Answered by Anonymous
0

Answer:

Let ABCD be the given trapezium in which AB = 25 cm, DC = 13 cm, BC = 10 cm and AD = 10 cm.

Through C, draw CE ∥ AD, meeting AB at E.

Also, draw CF ⊥ AB.

Now, EB = (AB - AE) = (AB - DC)

= (25 - 13) cm = 12 cm;

CE = AD = 10 cm; AE = DC = 13 cm.

Now, in ∆EBC, we have CE = BC = 10 cm.

So, it is an isosceles triangle.

Also, CF ⊥ AB

So, F is the midpoint of EB.

Therefore, EF = ¹/₂ × EB = 6cm.

Thus, in right-angled ∆CFE, we have CE = 10 cm, EF = 6 cm.
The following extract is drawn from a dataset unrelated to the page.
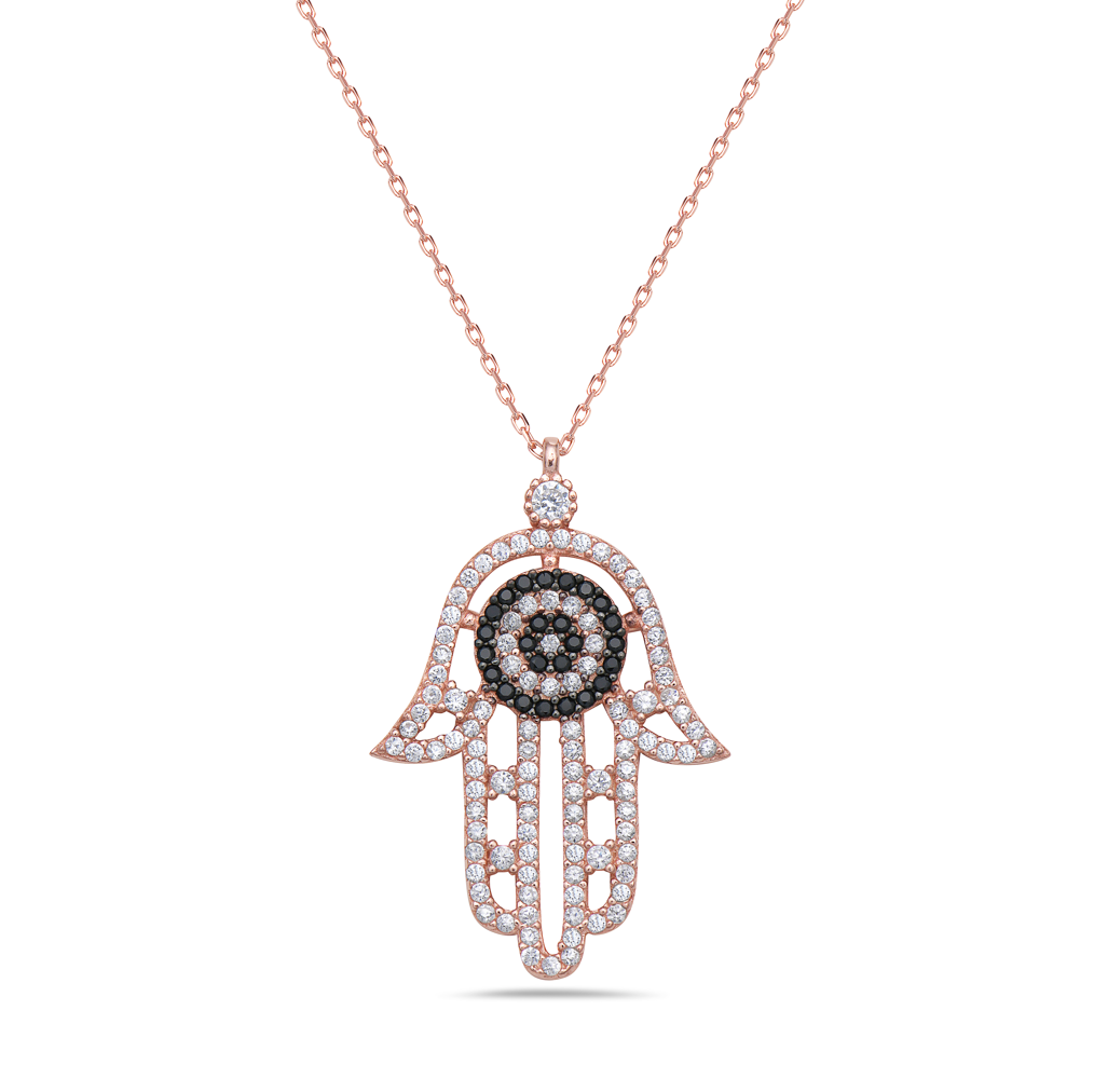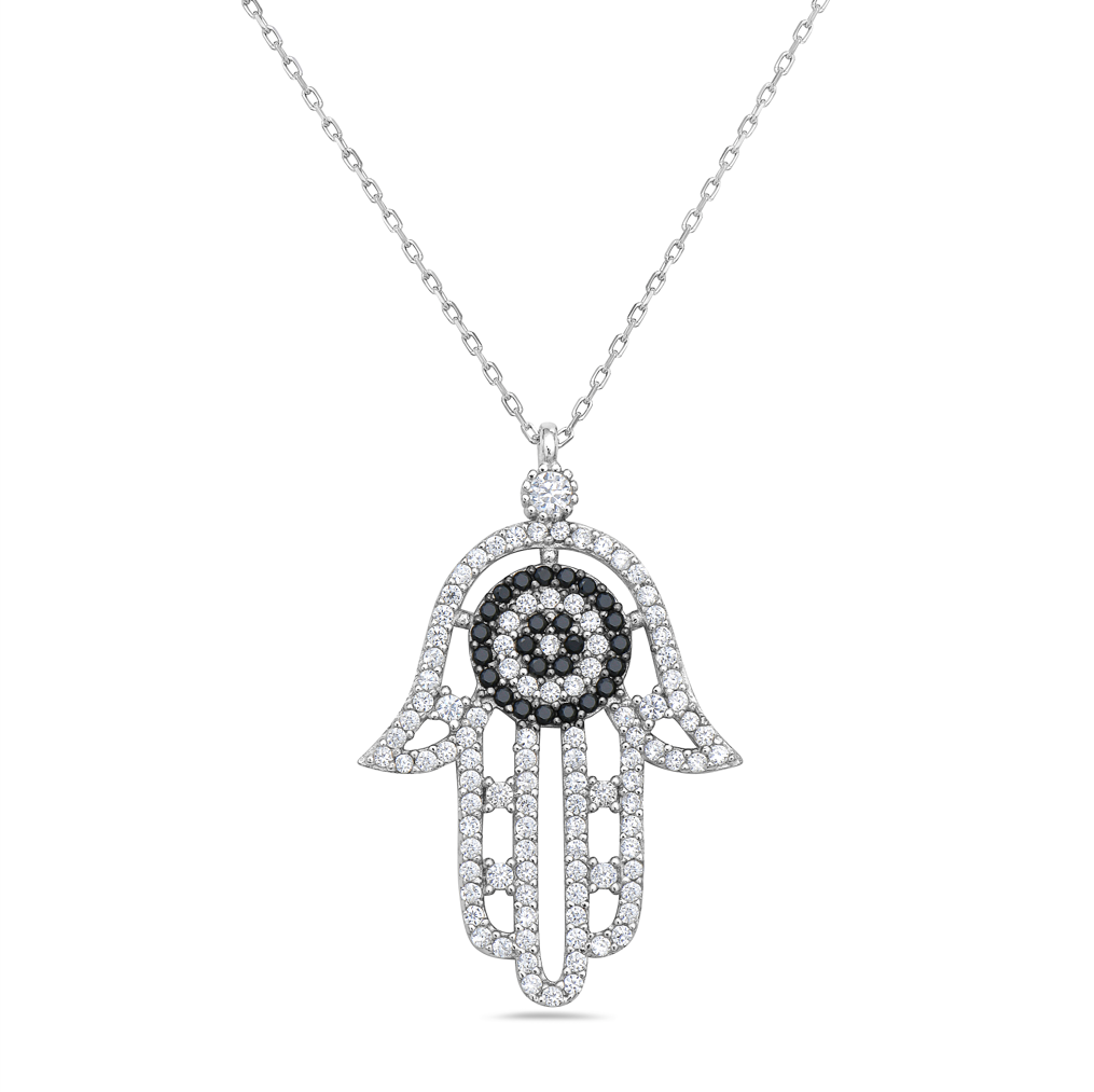 Discover the mystical allure of the Regina Necklace, a captivating blend of protection and elegance. At its heart lies the Hand of God adorned with a mesmerizing evil eye, encrusted with sparkling cubic zirconia. Suspended delicately from a 16-inch chain, with a graceful 1-inch extension for adjustable wear. The pendant measures 1 inch in length and just under half an inch in width, making it a subtle yet striking addition to any jewelry collection. Embrace timeless style and symbolic significance with the Regina Necklace.
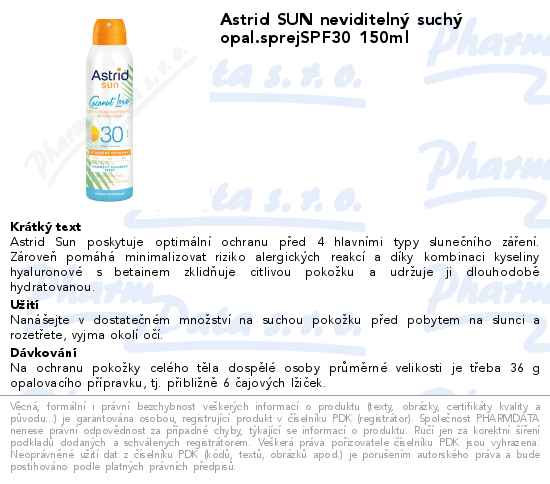 Astrid SUN neviditelný suchý opal.sprejSPF30 150ml

By Pythagoras’ theorem, we have

CF = [√CE² - EF²]

= √(10² - 6²)

= √64

= √(8 × 8)

= 8 cm.

Thus, the distance between the parallel sides is 8 cm.

Area of trapezium ABCD = ¹/₂ × (sum of parallel sides) × (distance between them)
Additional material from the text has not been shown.